Task directions:
What is needed is an exact transcription of the line containing "04 将原本上衣与裙装的搭线" and every line after it through the end of the entries below, with no pictures.

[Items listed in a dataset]
┄┄┄┄┄┄┄┄┄┄┄┄┄┄┄┄┄┄┄┄
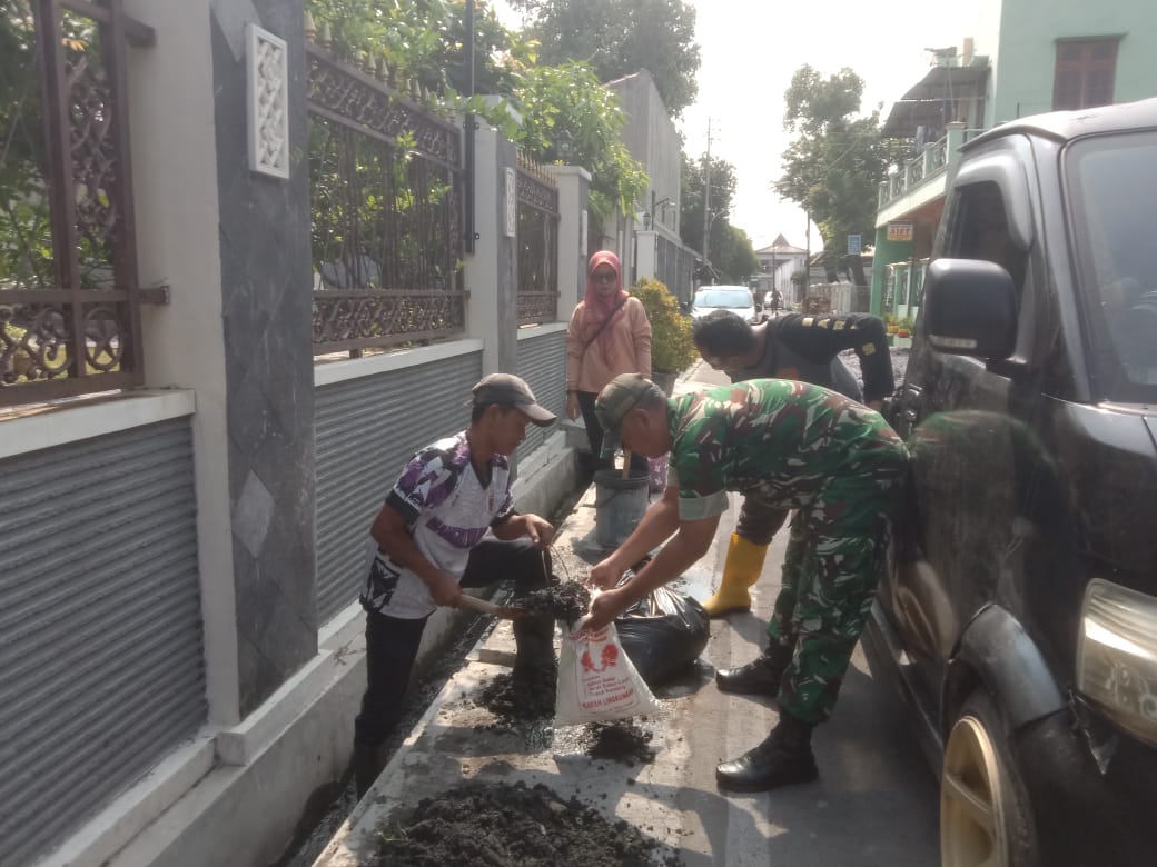 Surakarta – Bertempat di Wilayah RT 03 RW 06 kp Mangkubumen Kulon Kelurahan Mangkubumen kecamatan Banjarsari, Babinsa Kelurahan Mangkubumen Koramil 02/Banjarsari Kodim 0735/Surakarta Pelda Sujiianto bersama dengan warga masyarakat melaksanakan kegiatan kerja bakti pembersihan parit dan selokan, Senin (29/12/2025).
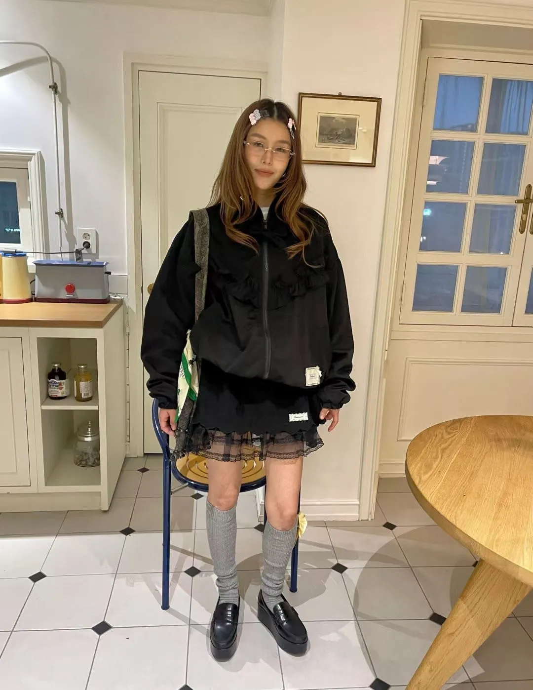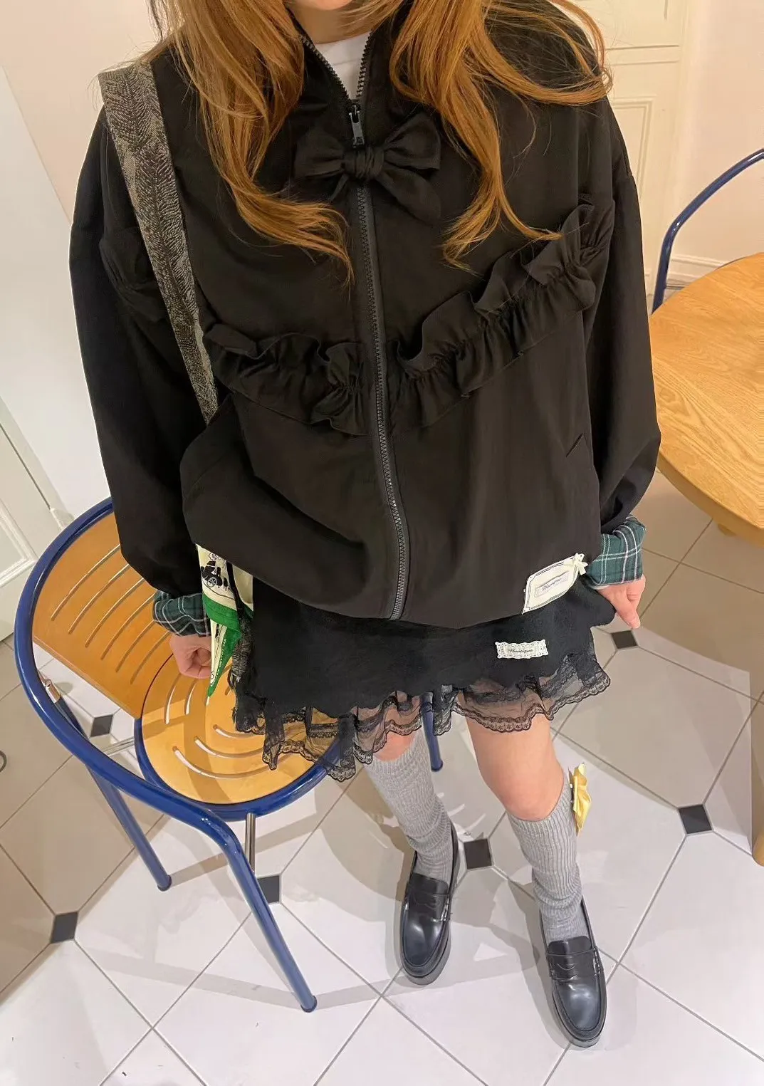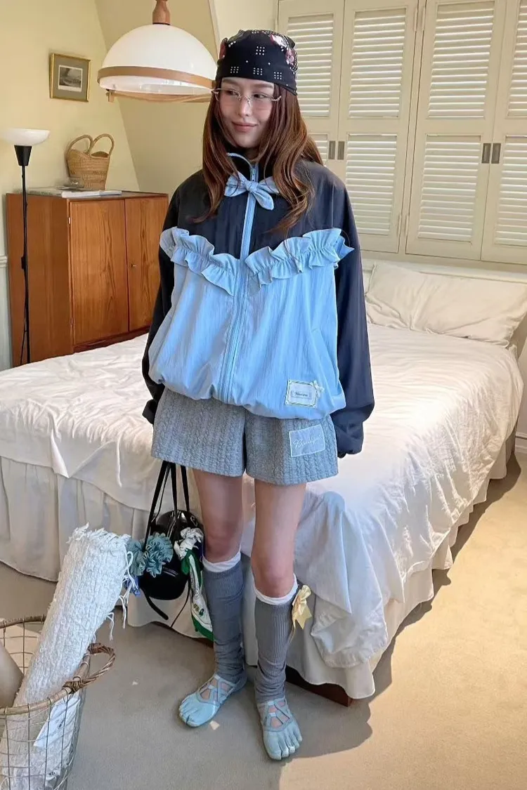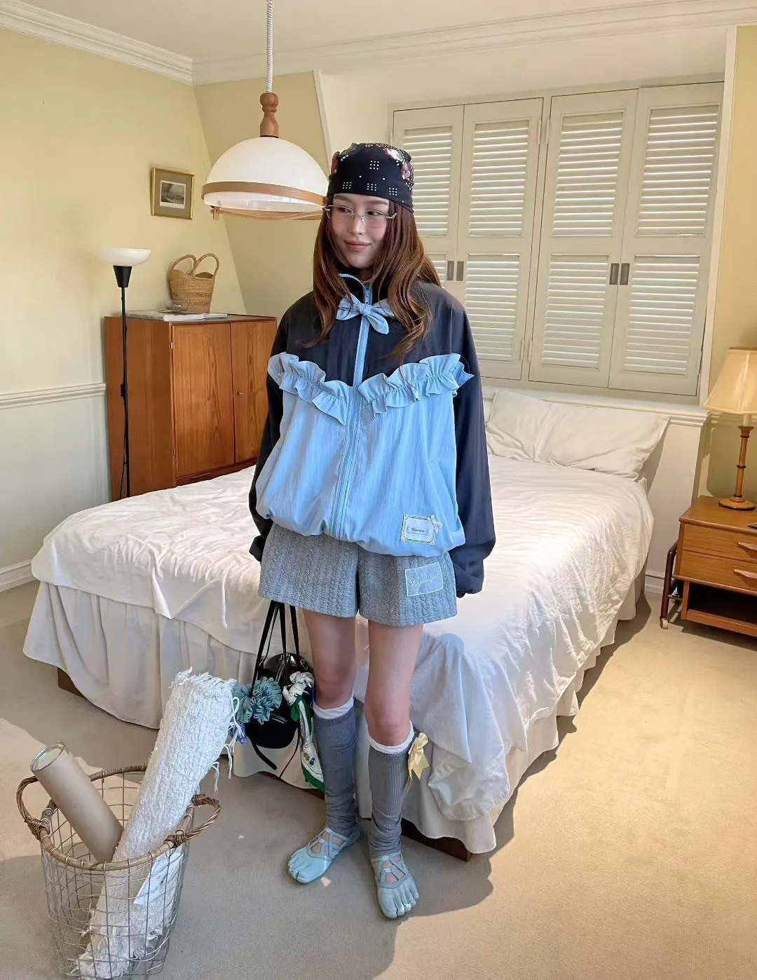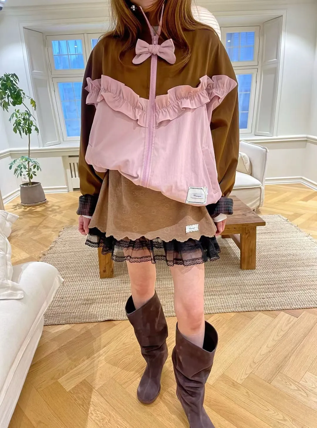 聚酯 層次荷葉撞色拼接 薄款質地 格紋內裡 拉鍊穿脫 有口袋
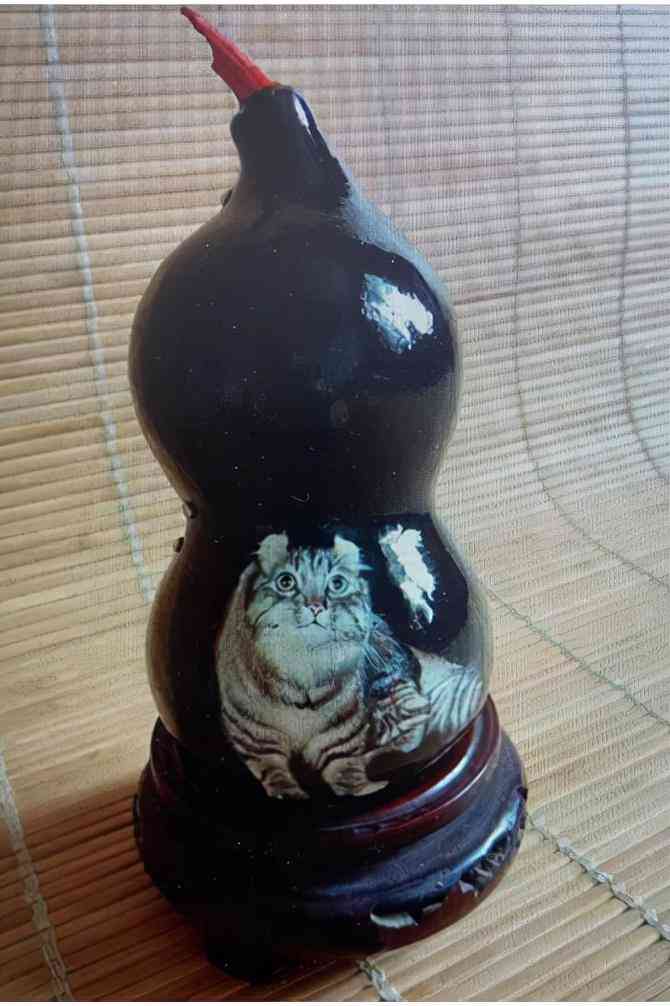 彩绘葫芦是在刮光外皮的葫芦上,以工笔手法画人物或花草鸟兽,其色彩或艳丽或淡雅,彩绘后的葫芦上再涂上一层透明清油,使之通体光亮,圆润可爱。
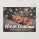 Anuncie o nascimento do seu novo bebê menino ou menina com este cartão postal de anúncio de nascimento de férias fofo com um design simples com a saudação manuscrita "Natal Mais Alegre" e flocos de neve desenhados a giz, junto com sua mensagem e estatísticas de nascimento do bebê, sobre sua foto horizontal favorita de recém-nascido. A parte traseira tem sua mensagem pessoal e endereço de devolução para envio fácil.
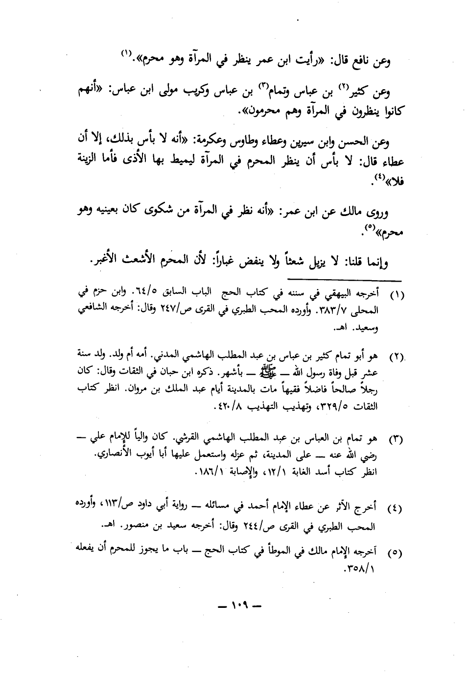 وَعَنْ كَثِيرِ بْنِ عَبَّاسٍ وَتَمَّامِ بْنِ عَبَّاسٍ وَكُرَيْبٍ مَوْلَى ابْنِ عَبَّاسٍ: " أَنَّهُمْ كَانُوا يَنْظُرُونَ فِي الْمِرْآةِ وَهُمْ مُحْرِمُونَ ".
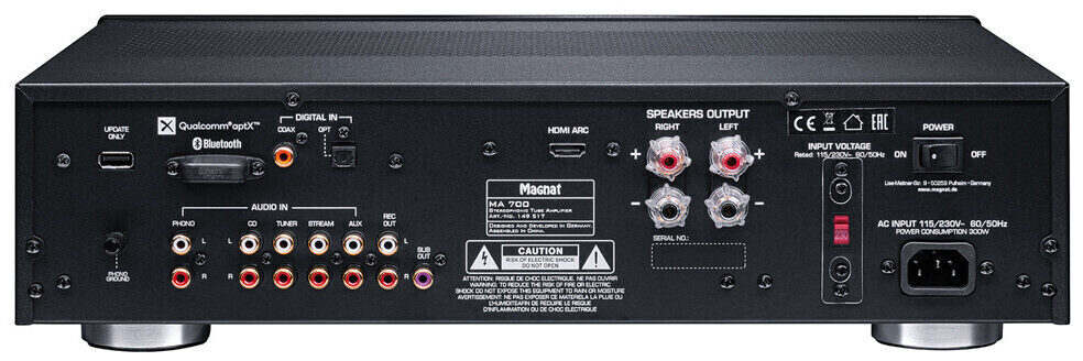 The MA 700 preamplifier is based on the “prepared” ECC 81 dual triode – according to Magnat, it won’t need to be replaced soon. The solid-state power supply is class AB and can deliver 70 watts per channel at an impedance of 4 ohms. The company also emphasized the presence of a special toroidal transformer in the power supply and circuit separation technology for more stable, clean operation of the device.
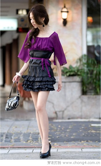 04 将原本上衣与裙装的搭线提升到胸线下围,在视觉上明显提升你的身材比例,而在腰封间系一条与上衣同样的细腰带使你魅力十足。
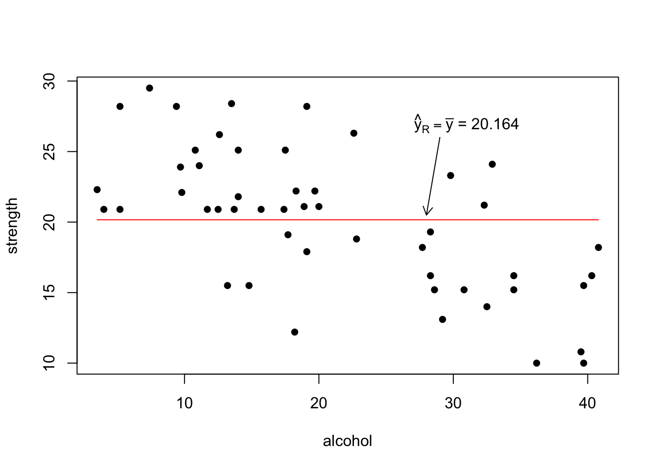 The”reduced model,” which is sometimes also referred to as the “restricted model,” is the model described by the null hypothesis \(H_{0}.\) For simple linear regression, a common null hypothesis is \(H_{0} : \beta_{1} = 0.\) In this case, the reduced model is obtained by “zeroing out” the slope \(\beta_{1}\) that appears in the full model. That is, the reduced model is:
┄┄┄┄┄┄┄┄┄┄┄┄┄┄┄┄┄┄┄┄
Task result:
 04 将原本上衣与裙装的搭线提升到胸线下围,在视觉上明显提升你的身材比例,而在腰封间系一条与上衣同样的细腰带使你魅力十足。
 The”reduced model,” which is sometimes also referred to as the “restricted model,” is the model described by the null hypothesis \(H_{0}.\) For simple linear regression, a common null hypothesis is \(H_{0} : \beta_{1} = 0.\) In this case, the reduced model is obtained by “zeroing out” the slope \(\beta_{1}\) that appears in the full model. That is, the reduced model is:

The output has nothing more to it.